Yoga for Seniors kicks off at 2nd Centers Health Care facility

Warren Center seniors activate their healing chakras

- May 3, 2017

As seen in The Post-Star.

QUEENSBURY — Pat Tunney pressed her palms together and raised her hands over her head.

Seated in a wheel chair, the Warren Center rehabilitation patient focused on her breathing.

Kundalini yoga instructor Susanne Margono told Tunney to expand her lungs as she inhales.

“You have more capacity than you think in your lungs,” Margono told Tunney and seven other patients at the Warren Center for Rehabilitation and Nursing in Queensbury during its “Yoga for Seniors” program.

The program is open to the community as well as Warren Center patients and residents at 10 a.m. the first and third Wednesdays of the month.

Participants are able to sit in chairs or wheelchairs and work with Margono on breathing, relaxation and healing.

Tunney, who participated in her first yoga class Wednesday, said breathing is a big part of her rehabilitation. She also noted that the exercise is good for her.

“Overall, I think all the seniors benefit from it,” said William Wohltjen, the field marketing manager at the Warren Center.

Practicing relaxation and increasing lung capacity nourishes the body, Margono said.

“They’re more alive,” she said. “It works on their vitality.”

Dressed in white, Margono put on a white hat, slipped off her shoes, sat on a chair draped in a lambskin mat and explained yoga to the group assembled in front of her.

“It’s an Indian practice that connects the body and the mind,” said Margono, who has been practicing yoga for 30 years.

She taught the group a mantra, which translated means, “I bow to my creator and I bow to all that is creative in myself.”

Breathe in light and life and exhale the darkness and let it go out to the universe, Margono instructed.

 

Holding down her right nostril, Margono explained that breathing through the left nostril brings calm to the body, while breathing through the right, brings energy. She instructed the seniors to depress their right nostril, close their eyes and breathe.

“Just be like that,” Margono said, “and feel how calm you are by just having breathed through your left nostril.”

While some of the seniors, like Tunney, were able to perform every movement, others had trouble moving their hands, stretching their legs or pumping their belly buttons in and out. But that doesn’t matter, according to Margono. Just thinking about moving their fingers is progress.

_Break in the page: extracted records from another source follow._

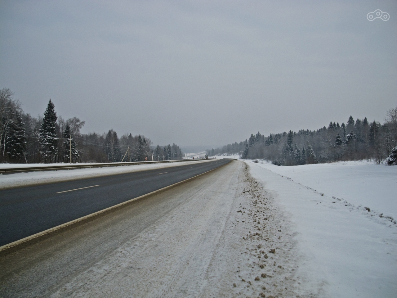 К тому моменту, как я выехал за пределы А108, снегопад закончился, и влажность упала, стало теплее по ощущениям. Однако ноги всё равно мёрзли, приходилось часто останавливаться, чтобы согреться. Всё же надо что-то делать с ногами. Либо менять обувь на что-то более подходящее. У моих мотобот Forma Adventure на морозе очень быстро промерзает подошва, поэтому можно сколько угодно тёплых носок надевать, но ногам всё равно холодно будет. Либо мутить какую-то быстросъёмную защиту от ветра для ног на мотоцикл. С комплектом зимних носок я определился. Это Lorpen Heavy Tracker. Плюс летом я всё же придушил жабу и купил тонкие мембранные носки. Надеваю их поверх тёплых, и ногам уже не страшна жижа, летящая на мотоботы. У мотобот тоже когда-то была мембрана, но она уже давно сдохла от реагентов. Также я вложил в ботинки фольгированные стельки, но всё равно такого комплекта больше чем на 45-60 минут беспрерывной езды не хватает из-за промерзания подошвы мотобот. Приходится заходить в помещение и ждать пока обувь отогреется. Да и снегоходная экипировка, куртка и штаны, у меня недорогие, утеплитель у них синтетический и уже изрядно «похудел», поэтому греет заметно хуже. В общем всё как обычно – 45 минут едешь, 15 минут греешься. Если ехать дольше, то потом больше времени на согрев уйдёт, так что всё равно средняя скорость получается около 40 км/ч. Не готов я в общем к «полярным экспедициям». ))))
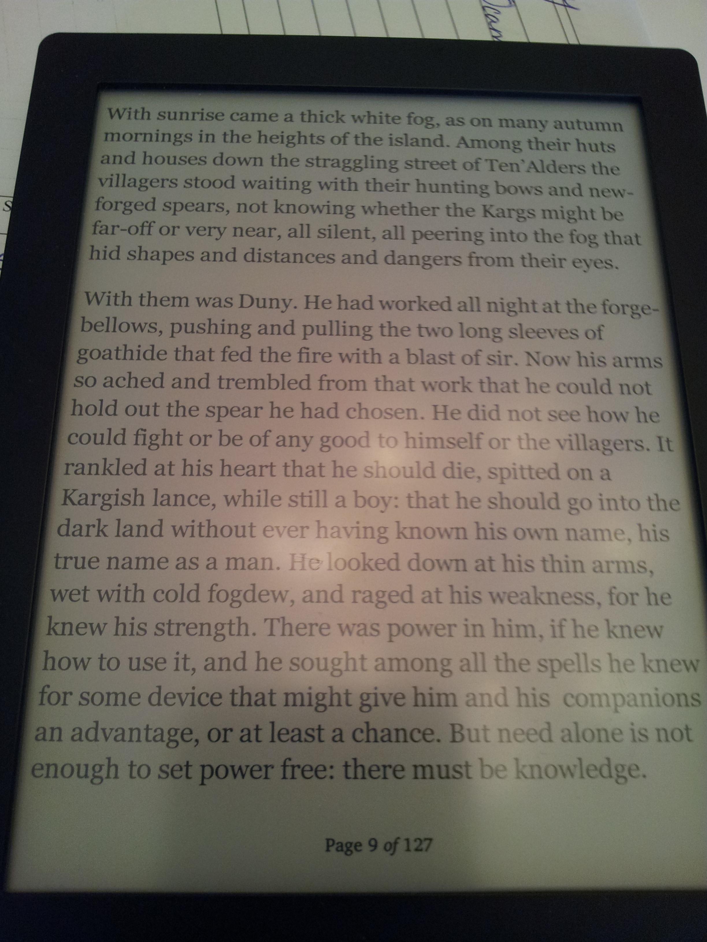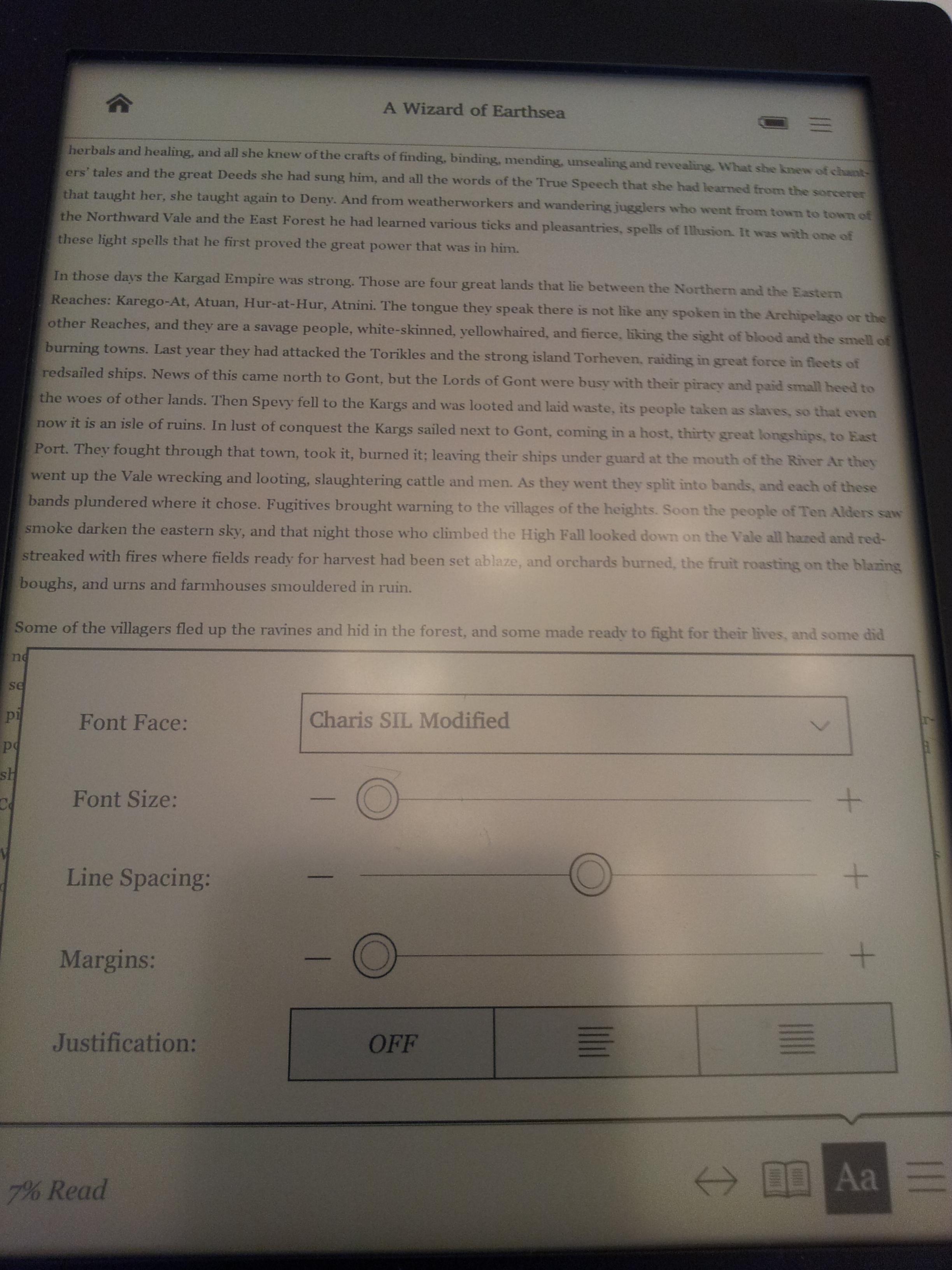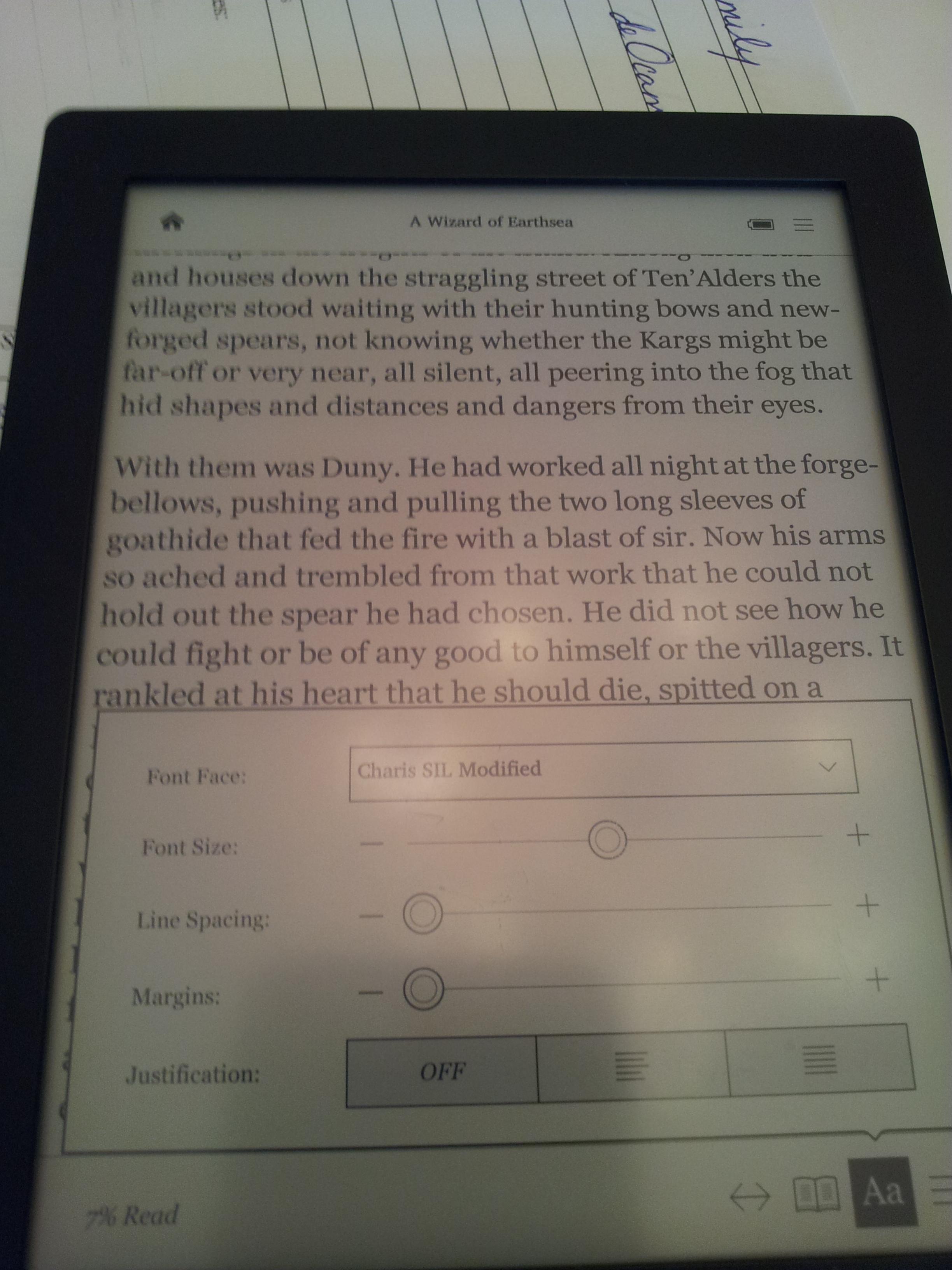 Let me know if there are different settings or another ebook you want me to try. This was a sideloaded, drag and drop epub. S PS: and now I know how to install fonts WOO HOO! |
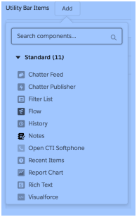 Salesforce Lightning has a utility bar at the bottom. The bar can be customized and the custom and standard objects can be added to this bar. The bar has all the required components by default like Notes, History, Rich Text, Chatter feed, Visualforce etc. Here Filter List gives access to a pre-determined view of thelist and the recent items. In CTI software the screen pop also appears here.

“Even if they are attentive enough to look at me and close their eyes when they want to, that’s participation,” Margono said. “We create a group energy as a group so all are included whether they are participating or not.”

As people age, and lead more sedentary lives, they detach from their bodies. Margono wants to help increase awareness of their bodies. The techniques in yoga are beneficial for dementia patients as well.

The elderly are underserved, Margono added. She finds teaching yoga at nursing homes, in general, makes the residents happy.

“This inner spark gets ignited in some ways in the nursing homes,” she said.